Some advantages of the above system design are:-
- Simple design: Clearly the focus was on simplistic design while they were making few important decisions. This is in accordance with the Google's ideologies remember the simple UI.
- high reliability across data centers
- scalability to thousands of network nodes
- reliable storage where Corrupted data can be detected and re-replicated.
- support for large blocks of data which are gigabytes in size.
- efficient distribution of operations across nodes to reduce bottlenecks.
MapReduce- you have a good storage system(GFS) now what next we need a programming model and an associated implementation for processing and generating large data sets.
A MapReduce provides a nice way to partition tasks across lots of machines,Handle machine failure which Works across different application types, like search and ads. Almost every application has map reduce type operations. You can precompute useful data, find word counts, sort TBs of data, etc.
Bigdata- It is a distributed hash mechanism built on top of GFS. which provides lookup mechanism to access structured data by key. GFS stores opaque data and many applications needs has data with structure. By controlling their own low level storage system Google gets more control and leverage to improve their system.
- Computing Platforms: a bunch of machines in a bunch of different data centers
in simple words deploying or hoting our application at low cost.

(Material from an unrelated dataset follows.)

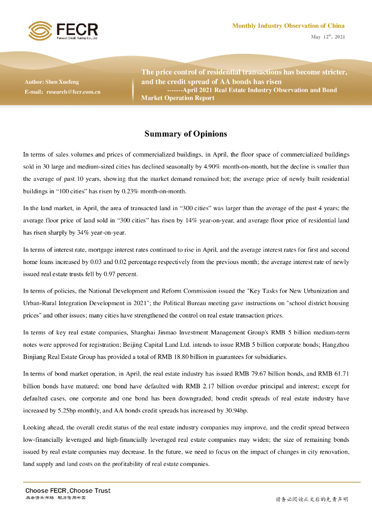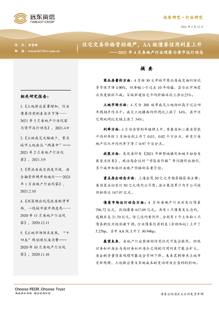 远东资信:住宅交易价格管控趋严,AA级债券信用利差上升——2021年4月房地产行业观察与债市运行动态报告.pdf

Let us talk about the Hardware (Google data centers)
Google data centers are the large data center facilities Google uses to provide their services, which combine large drives, computer nodes organized in aisles of racks, internal and external networking, environmental controls (mainly cooling and humidification control), and operations software (especially as concerns load balancing and fault tolerance).
The original hardware (circa 1998) that was used by Google when it was located at Stanford University. As of 2014, Google has used a heavily customized version of Debian (Linux) which they migrated from a Red Hat-based system incrementally in 2013.
HOW IT HANDLE FAILURES?
when traffic is high enough that even degraded responses are too expensive for all queries then it practice graceful load shedding, using well-behaved queuing and dynamic timeouts. Other techniques include answering requests after a significant delay known as “tarpitting” and choosing a consistent subset of clients to receive errors, preserving a good user experience for the remainder.

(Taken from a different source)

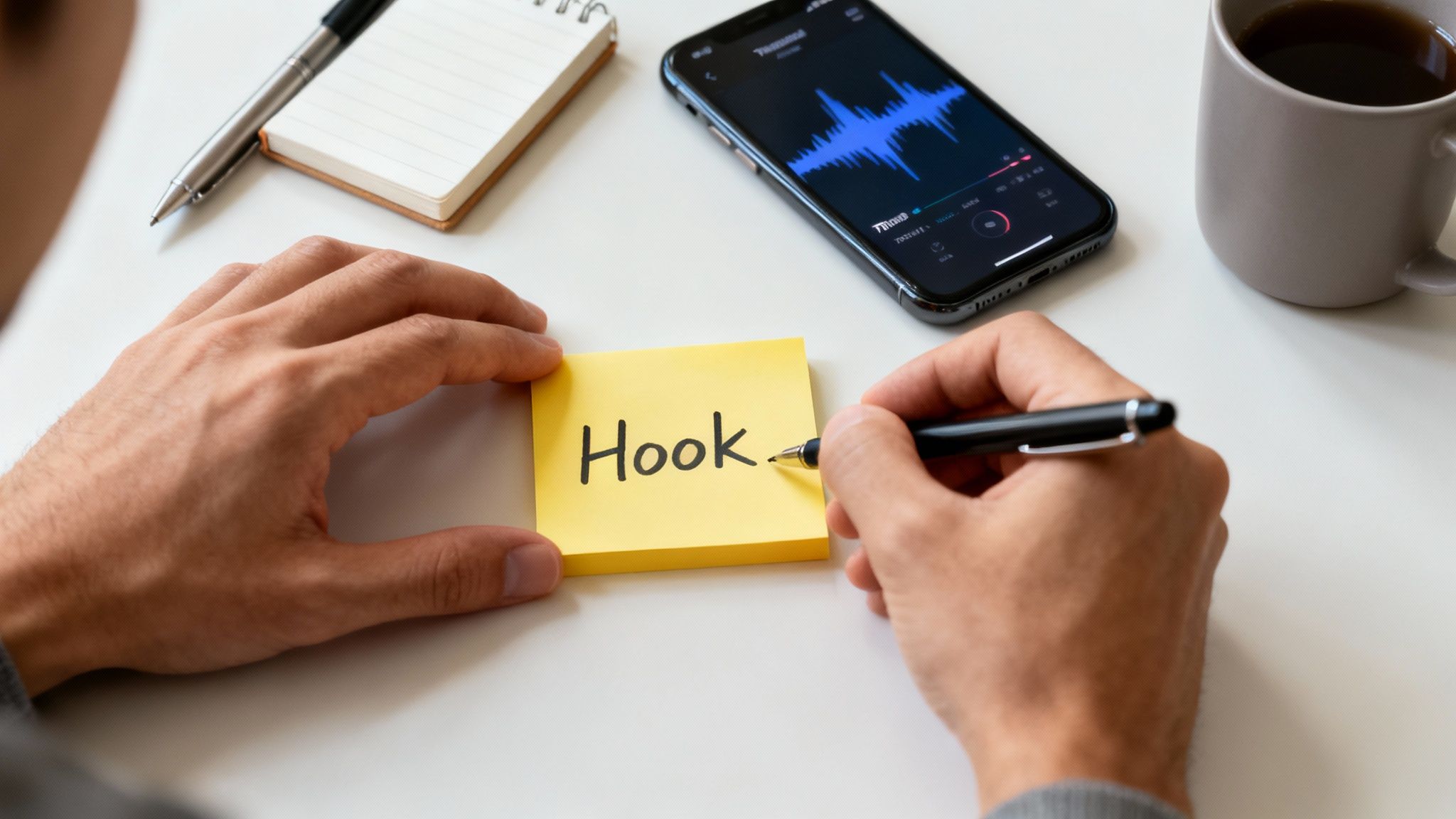 A person's hands writing 'Hook' on a yellow sticky note, brainstorming content next to a smartphone.

Why it is a good choice over other alternatives?
1.Google is generally quicker than the other search engines at bringing back results. It is able to deliver millions of results in 0.19 of a second.
2.Google has a lot more sites in its index. It picks up new sites faster than any other engine, so you are able to search the latest news, latest sites and just loads more sites in general.
3.Google’s algorithm is much more sophisticated than the other engines. They should be better at determining which sites are the most relevant and which ones aren’t – especially with continous updates to their algorithm to keep up with ever-evolving digital behaviours.
Google is a fully-automated search engine that uses software known as web crawlers that explore the web on a regular basis to find sites stored and updated in Google fIle system to add to our index using mapreducer and providing users to search queires really faster using the cache and also improving the quality of the searches based on the indent of search rather than just the word matching algorithms, the software and hardware are as simple as the UI but the depth of it is like a pacific ocean (FUN -FACT The press revealed the existence of Google's floating data centers along the coasts of the states of California (Treasure Island's Building 3) and Maine. The development project was maintained under tight secrecy. where the data centers were 250 feet long, 72 feet wide, 16 feet deep.)
With this article at OpenGenus, you must have the complete idea of System Design of Google Search.